▸ Assignment: Every line from the one holding "Элегантное кольцо выполнено" through the one holding "16、最后,定义函数remove,实现当鼠标移出对象后,将舞台上的提示移除。" in the data below must be returned exactly, both ends included, with pictures left out and nothing else added.

▸ Exercise materials:
*** Block opens ***

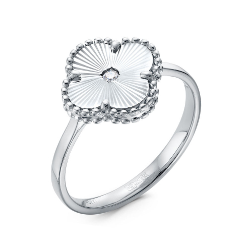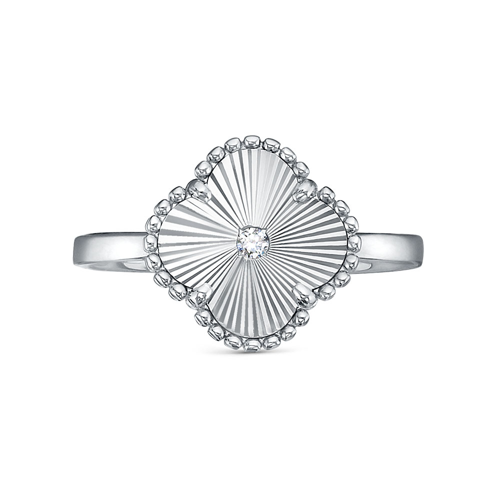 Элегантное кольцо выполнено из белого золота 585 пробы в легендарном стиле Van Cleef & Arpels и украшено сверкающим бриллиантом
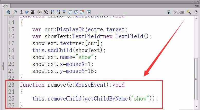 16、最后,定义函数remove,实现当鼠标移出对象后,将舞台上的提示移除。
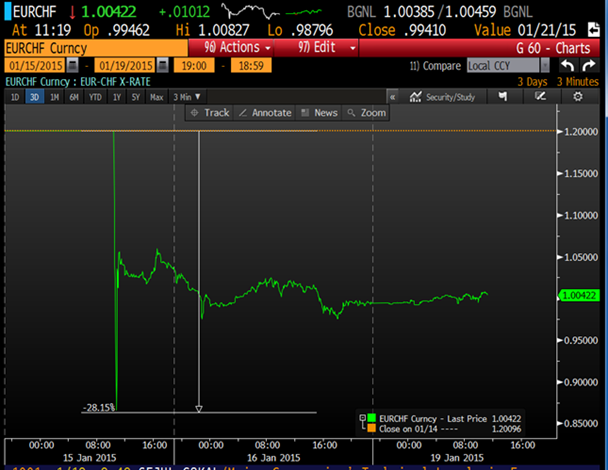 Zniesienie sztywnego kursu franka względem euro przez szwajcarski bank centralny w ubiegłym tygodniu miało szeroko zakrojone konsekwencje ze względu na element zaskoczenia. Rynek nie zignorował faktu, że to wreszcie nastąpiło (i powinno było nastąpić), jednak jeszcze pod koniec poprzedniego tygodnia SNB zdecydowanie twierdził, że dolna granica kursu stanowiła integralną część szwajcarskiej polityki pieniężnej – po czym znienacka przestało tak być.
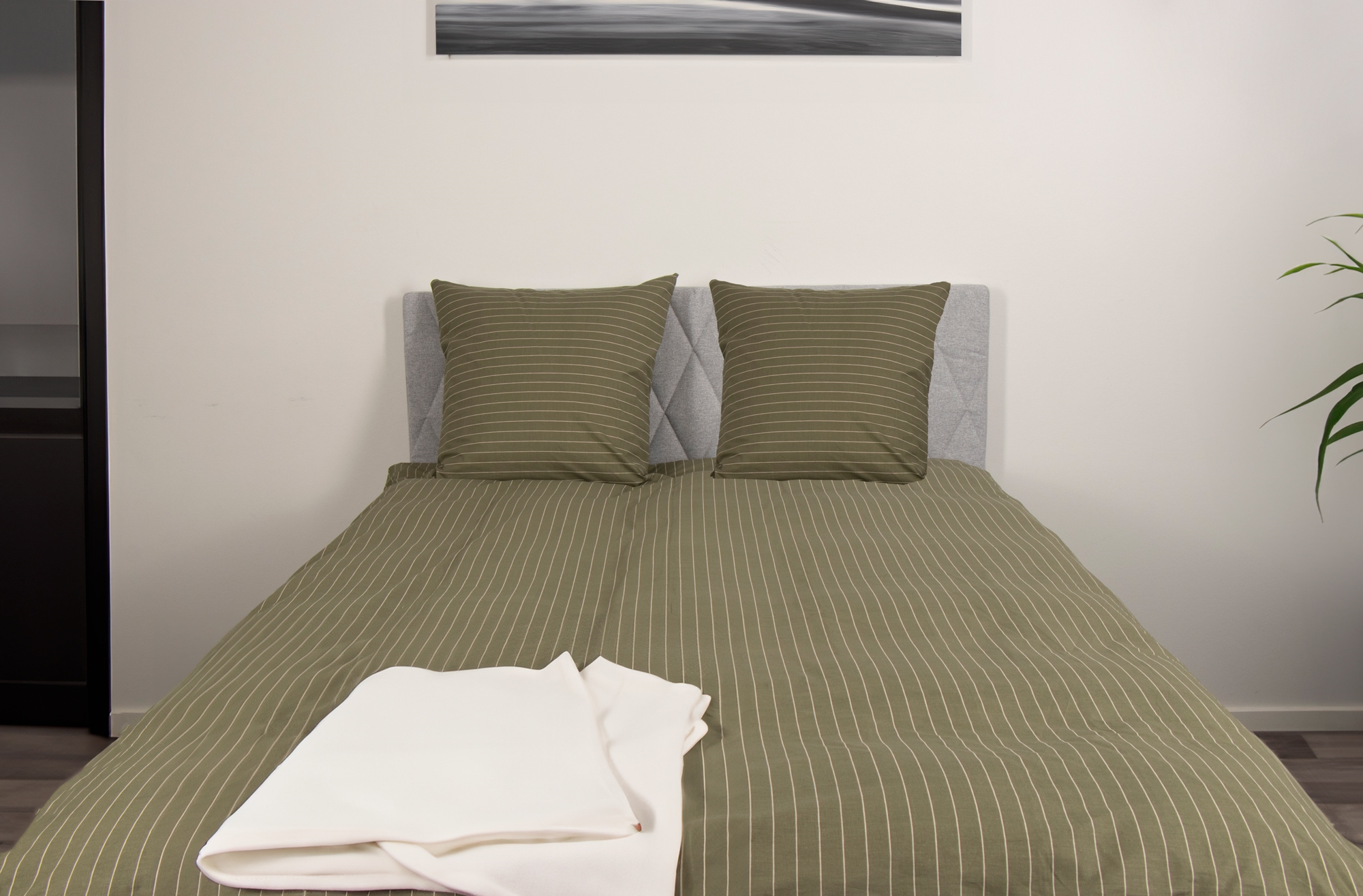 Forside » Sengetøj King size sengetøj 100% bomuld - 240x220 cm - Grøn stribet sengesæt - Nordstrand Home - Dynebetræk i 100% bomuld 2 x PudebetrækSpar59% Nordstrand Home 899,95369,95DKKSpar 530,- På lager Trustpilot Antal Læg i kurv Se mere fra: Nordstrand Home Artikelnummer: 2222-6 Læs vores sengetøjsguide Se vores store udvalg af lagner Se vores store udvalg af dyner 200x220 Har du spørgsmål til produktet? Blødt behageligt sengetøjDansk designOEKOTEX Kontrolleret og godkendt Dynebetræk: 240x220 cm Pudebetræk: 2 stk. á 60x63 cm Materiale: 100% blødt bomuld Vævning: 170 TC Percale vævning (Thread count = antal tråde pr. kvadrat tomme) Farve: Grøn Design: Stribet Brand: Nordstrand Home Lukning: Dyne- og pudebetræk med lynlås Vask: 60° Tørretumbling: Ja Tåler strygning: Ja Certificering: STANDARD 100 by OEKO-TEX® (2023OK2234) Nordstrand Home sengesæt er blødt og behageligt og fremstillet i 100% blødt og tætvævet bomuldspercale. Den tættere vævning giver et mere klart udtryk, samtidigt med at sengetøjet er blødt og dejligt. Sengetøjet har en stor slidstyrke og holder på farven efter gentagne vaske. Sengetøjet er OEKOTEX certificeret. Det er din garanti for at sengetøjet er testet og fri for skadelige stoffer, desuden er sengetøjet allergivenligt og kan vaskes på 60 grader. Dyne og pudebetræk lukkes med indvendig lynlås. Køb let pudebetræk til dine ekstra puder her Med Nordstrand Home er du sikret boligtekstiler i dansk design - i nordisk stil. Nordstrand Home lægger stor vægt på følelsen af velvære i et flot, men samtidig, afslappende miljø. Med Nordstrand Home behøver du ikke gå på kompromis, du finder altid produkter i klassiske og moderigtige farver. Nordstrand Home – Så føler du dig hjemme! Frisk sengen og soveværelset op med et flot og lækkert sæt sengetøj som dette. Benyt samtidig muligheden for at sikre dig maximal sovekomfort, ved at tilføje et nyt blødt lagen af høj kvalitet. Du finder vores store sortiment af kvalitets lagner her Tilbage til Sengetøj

*** Block closes ***
*** Block opens ***

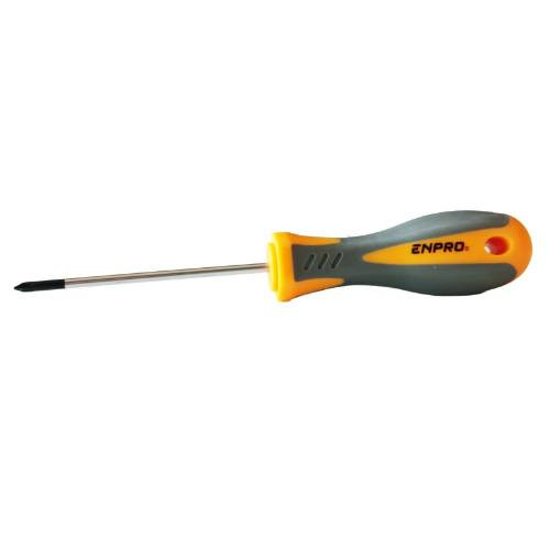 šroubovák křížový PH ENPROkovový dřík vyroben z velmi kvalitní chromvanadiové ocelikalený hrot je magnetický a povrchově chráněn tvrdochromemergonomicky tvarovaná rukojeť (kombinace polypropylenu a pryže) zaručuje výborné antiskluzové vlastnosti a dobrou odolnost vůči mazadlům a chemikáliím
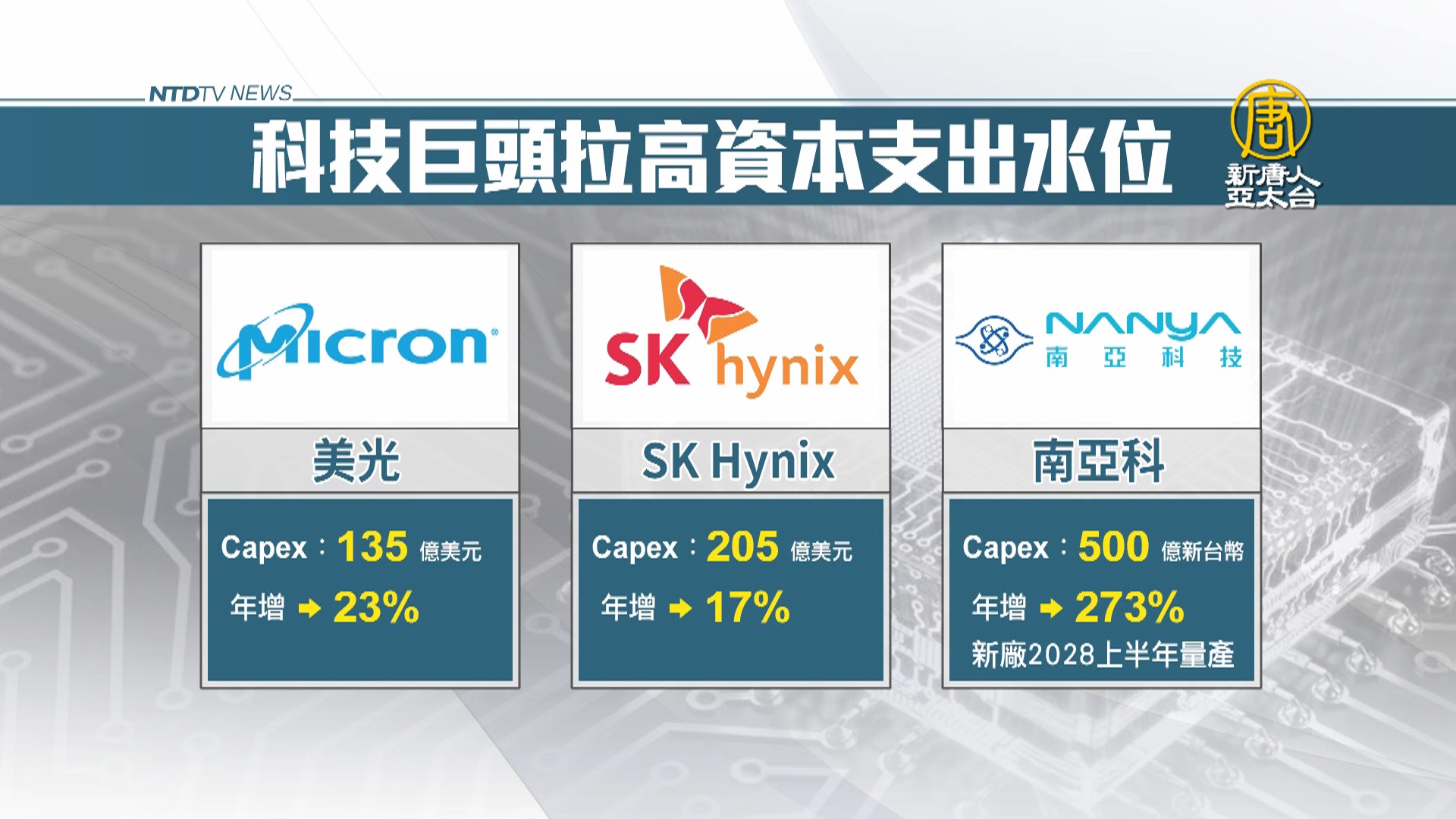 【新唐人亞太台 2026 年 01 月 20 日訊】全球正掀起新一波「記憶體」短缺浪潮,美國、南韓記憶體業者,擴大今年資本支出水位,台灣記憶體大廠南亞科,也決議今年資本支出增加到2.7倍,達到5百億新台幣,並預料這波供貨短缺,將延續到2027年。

*** Block closes ***

▸ Reply to the task:
 Элегантное кольцо выполнено из белого золота 585 пробы в легендарном стиле Van Cleef & Arpels и украшено сверкающим бриллиантом
 16、最后,定义函数remove,实现当鼠标移出对象后,将舞台上的提示移除。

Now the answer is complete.